# Prices paid on ebay



## Anonymous (Jun 28, 2009)

Evaluating prices on ebay, I must be making a calculation mistake or something. These auctions were for scrap jewelry or dental gold, I based the spot value at $935/oz, here are auctions that have closed since Friday:

Sold $$$ Value$$$
$2,125.00 $1,956.50
$2,157.00 $2,194.27
$1,410.00 $1,497.07
$3,451.00 $3,603.53
$562.00 $603.36
$4,373.01 $4,301.55

Some of these sold for more than my calculated value, what did sell for less does not seem like enough margin to buy food. What are these people doing?

Here is how I calculated the value:
$935/oz
24karat = 9999 gold
31.1 grams/oz

Did I make a mistake?
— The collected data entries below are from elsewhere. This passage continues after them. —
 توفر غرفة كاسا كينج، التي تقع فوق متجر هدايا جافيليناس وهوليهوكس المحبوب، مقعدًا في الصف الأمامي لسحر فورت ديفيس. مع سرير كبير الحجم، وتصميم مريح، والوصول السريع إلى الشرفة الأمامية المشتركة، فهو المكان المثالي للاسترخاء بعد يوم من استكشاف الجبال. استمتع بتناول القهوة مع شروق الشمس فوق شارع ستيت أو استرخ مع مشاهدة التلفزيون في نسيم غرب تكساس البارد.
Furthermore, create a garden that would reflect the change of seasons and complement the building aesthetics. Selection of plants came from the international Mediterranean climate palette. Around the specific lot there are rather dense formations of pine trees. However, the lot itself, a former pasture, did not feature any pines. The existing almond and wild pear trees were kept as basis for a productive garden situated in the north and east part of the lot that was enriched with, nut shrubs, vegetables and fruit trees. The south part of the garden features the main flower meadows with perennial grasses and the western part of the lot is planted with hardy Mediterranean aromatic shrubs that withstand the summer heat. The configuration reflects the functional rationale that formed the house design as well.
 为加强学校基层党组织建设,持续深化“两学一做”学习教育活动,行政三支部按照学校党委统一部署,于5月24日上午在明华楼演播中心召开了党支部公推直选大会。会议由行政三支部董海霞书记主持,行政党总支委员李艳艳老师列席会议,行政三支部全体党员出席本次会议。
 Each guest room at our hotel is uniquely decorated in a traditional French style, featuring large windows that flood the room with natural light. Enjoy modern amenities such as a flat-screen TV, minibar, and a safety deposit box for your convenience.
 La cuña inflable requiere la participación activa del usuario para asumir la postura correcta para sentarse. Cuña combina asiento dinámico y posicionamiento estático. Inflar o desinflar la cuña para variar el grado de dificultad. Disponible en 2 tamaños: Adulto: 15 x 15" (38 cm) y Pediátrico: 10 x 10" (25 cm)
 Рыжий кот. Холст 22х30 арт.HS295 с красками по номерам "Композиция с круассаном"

If not how are these people buying making any money?

Thanks


----------



## teabone (Jun 28, 2009)

Some people buy at spot or close to it, and then hold in the hopes that prices will keep going up. Think of it as an investment.


----------



## patnor1011 (Jun 28, 2009)

yeah teabone is right...
I used to buy antique wrist watch for my friend 4 years ago... after while he didnt want more but I was hooked on bidding for a while... I have to stop buying one day when I found out that my visa is dead... say that I have spend about 2k euro for various wristwatch mostly gold filled or plated but some of them from solid gold. I got more than handfull of rings too. I showed all that stuff to cupboard and let it be... after about 15 months I start thinking that I am not going to keep that wristwatch collection (about 100 different types and markes) so I start putting them on ebay piece by piece... I bought them mostly as lots say 5-15 a time. I have sold nearly all of them. I got back my 2k euro, plus my wifey still have about 15 rings and 6 gold wristwatch... I have one gold plated Gruen and bulova, one eterna, one very old concord and waltham which I could not part from... I consider myself lucky as I have my investment back and I can get even more if I will put the rest of bought items back to ebay... Say that in my case it was good timing but you can never know what will happend when you are buying... I still remember how my wife react when she found out what I have paid for that "worthless old crap" as she used to reffer to shoe box full of wristwatch...


----------